Adversary Dossier: Ryuk Ransomware Anatomy of an Attack in 2021
Updated: Dec 17, 2021
By Vitali Kremez, Al Calleo, Yelisey Boguslavskiy
Ryuk ransomware infections have been observed since late 2018. Ryuk actors are constantly evolving the TTPs used in Ryuk attributed campaigns. Some of the most notable targets of these campaigns have been hospitals, government entities, and large corporations.
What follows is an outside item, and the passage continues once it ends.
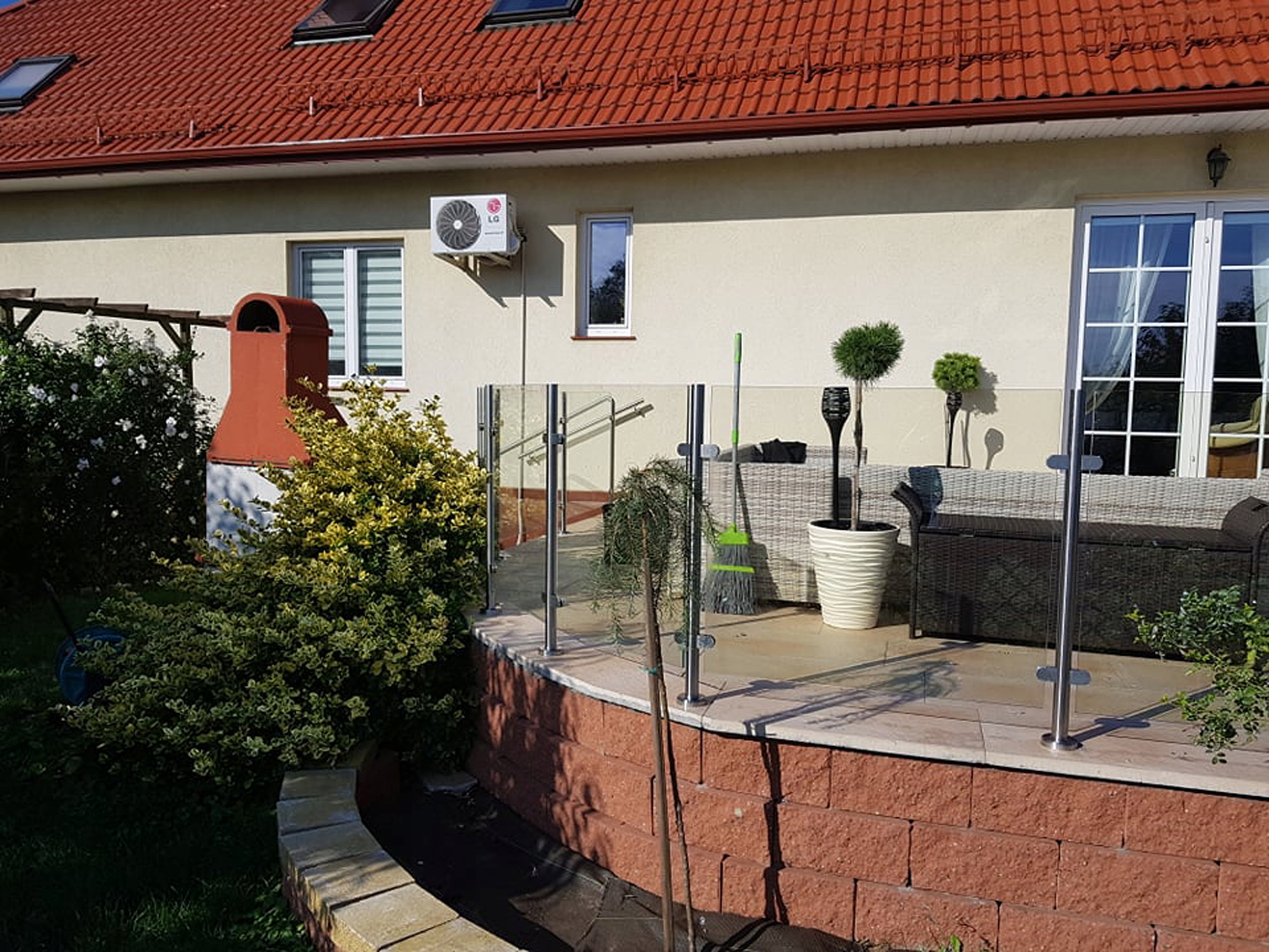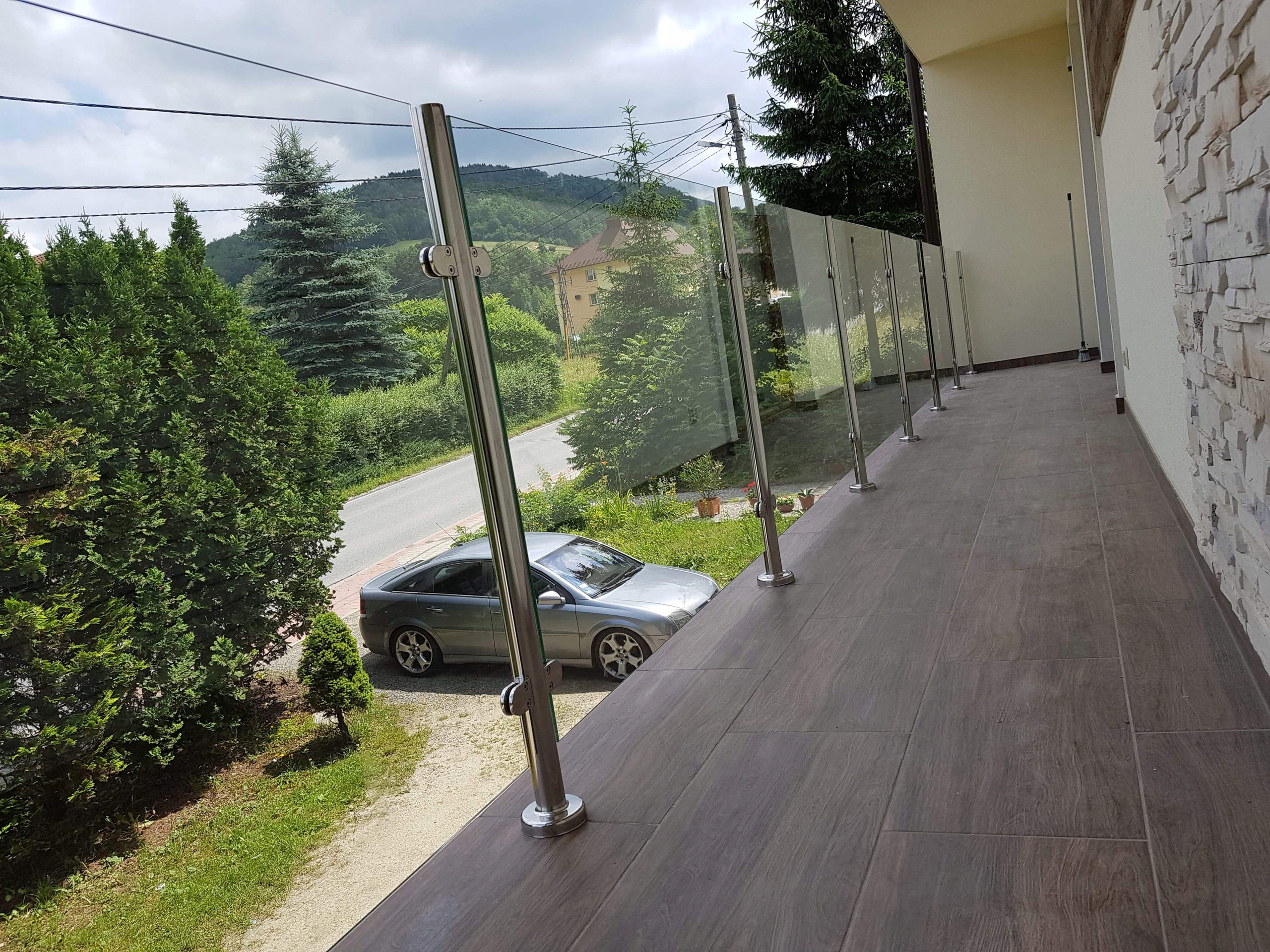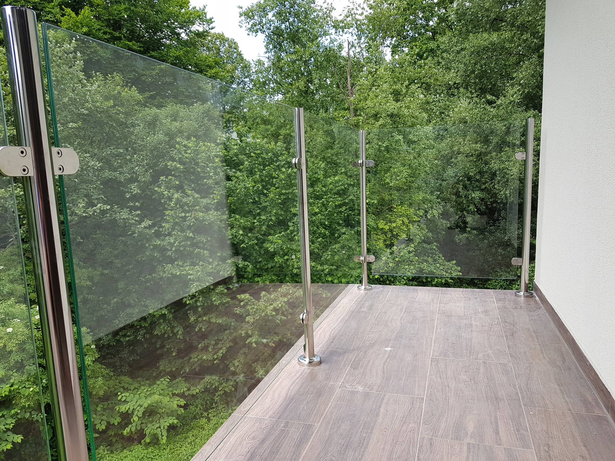 На фотографии ниже показан пример стеклянной балюстрады, установленной на двух стойках из нержавеющей стали.

The Ryuk adversary group is widely considered to be one of the most successful and impactful targeting corporations and governments worldwide.
This report is an excerpt of the tactical report from the flagship Andariel platform produced by the subject matter expert team.
This report illustrates some of the new and existing Tactics, Techniques, and Procedures (TTPs) of the Ryuk ransomware variants that Advintel has witnessed throughout their investigations in 2021.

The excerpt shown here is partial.